Schuld war etwas, das Philosophen und andere Theoretiker diskutieren sollten.

Er liebte ein Kind, das der Überzeugung war, dass Feen und Elfen existieren würden. Tiefer konnte er schlichtweg nicht mehr sinken. Nachdem Benjamin seine erste Behandlung in der Psychiatrie hinter sich gebracht hatte und laut Dr. Winkler wieder in der normalen Welt angekommen war, startete sein Vater direkt den nächsten Anlauf, um ihm seine Zwangsjacke anlegen zu können. Fernsehen war nur dann erlaubt, wenn es sich um Nachrichten oder Wirtschaft handelte. Mit Freunden durfte er sich nur treffen, wenn sein Vater sichergehen konnte, dass sie keine Spiele spielten oder Musik hörten. Da erschien es wenig verwunderlich, dass er nie Freunde gehabt hatte. Videospiele waren gänzlich verboten und Musik nur dann, wenn sie von Beethoven oder Bach komponiert worden war, denn Mozarts Stücke waren seiner Auffassung nach zu verspielt und kindisch. Das Einzige, das ihm nicht verboten, sondern aufgezwungen wurde, war das Lesen. Damit waren jedoch keine Romane oder fiktiven Geschichten gemeint, sondern Wirtschaftsmagazine, Biographien erfolgreicher Unternehmer und Wissenschaftler, sowie deren Abhandlungen und Dissertationen. Es sollte nicht überraschend sein, dass die Gründe für die psychischen Probleme und Halluzinationen von Kris großem Bruder das Ergebnis jahrelanger Isolation von den Freuden und der Fantasie des Lebens waren.
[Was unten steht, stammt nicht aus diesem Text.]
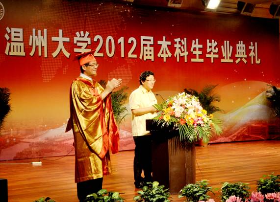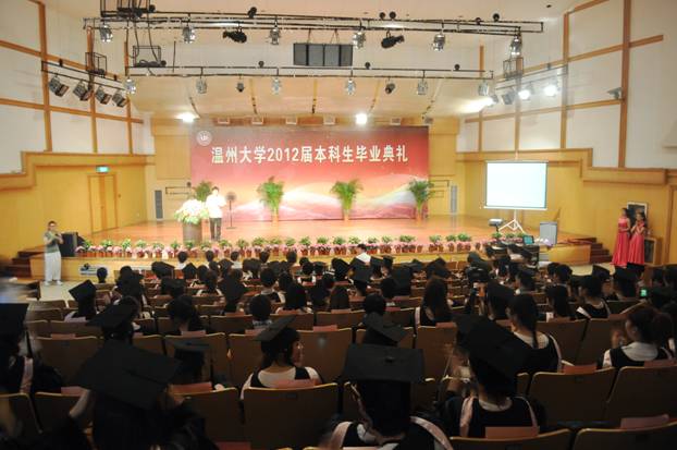 2012届毕业生毕业典礼和学位授予仪式在北校音乐厅隆重举行。温州大学学位委员会主席蔡袁强校长、院领导党总支书记刘青松、副院长李杰鹏、副院长王文韬、部分学院教师及2012届全体毕业生参加了毕业典礼。典礼由副院长李杰鹏主持。
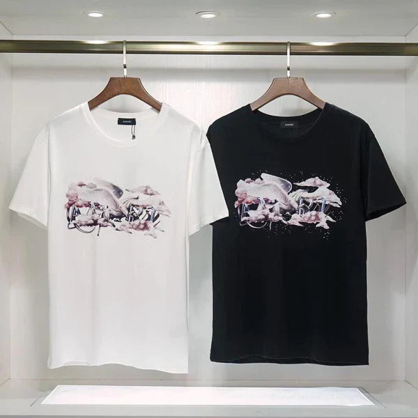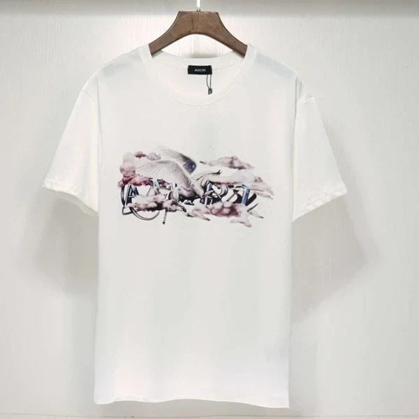 The white cotton t-shirt with brand printing on the chest is a stylish and comfortable garment that effortlessly combines fashion and functionality. Made from a blend of high-quality material.
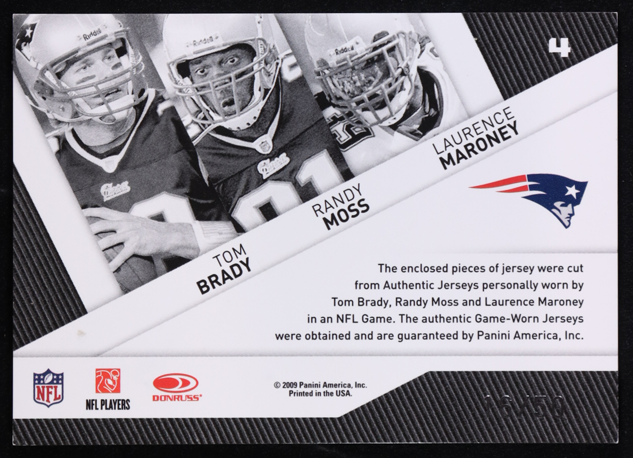Tom Brady / Randy Moss / Laurence Maroney 2009 Donruss Threads Triple Threat Materials Prime #4 #16/50
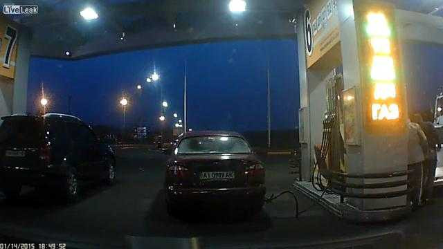 Chiếc ô tô đi mà chưa rút vòi bơm ở xây xăng, rất may chưa gây ra hậu quả nghiêm trọng.
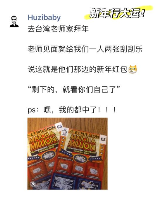 哈哈哈哈,给英国大爷加一分![派对R] 刮刮乐全中,一生要强的师弟(Well Done[doge]) 快乐的开始,必然又是元气满满的一年!! 最后祝大家新年行大运!财源滚滚来!
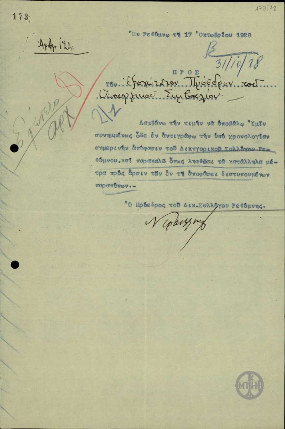 | ΤΙΤΛΟΣ | Διαβιβαστικό του Προέδρου του Δικηγορικού Συλλόγου Ρεθύμνου προς τον Ε.Βενιζέλο με το οποίο του αποστέλλει απόφαση του Δικηγορικού Συλλόγου Ρεθύμνου. |

Eine Psyche, auf die Druck ausgeübt wird, ändert ihren Zustand dem Druck entsprechend.

Zwei Wochen waren vergangen, seitdem er aus der Psychiatrie entlassen wurde, und von einem Rückfall war noch keine Spur zu erkennen. Aber was sich lange in einem aufstaut, schlägt am Ende nur noch härter zu. Seine Fantasie brachte ihm den Tod, lautete der Text der Traueranzeige, die am nächsten Tag in der Zeitung erschienen war. Doch was war, wenn nicht die Fantasie, sondern der Tod der Fantasie ihn ins Grab befördert hatte? Diese Frage hielt Kris noch lange wach bis er in den frühen Morgenstunden schließlich in einen unruhigen, traumlosen Schlaf fiel.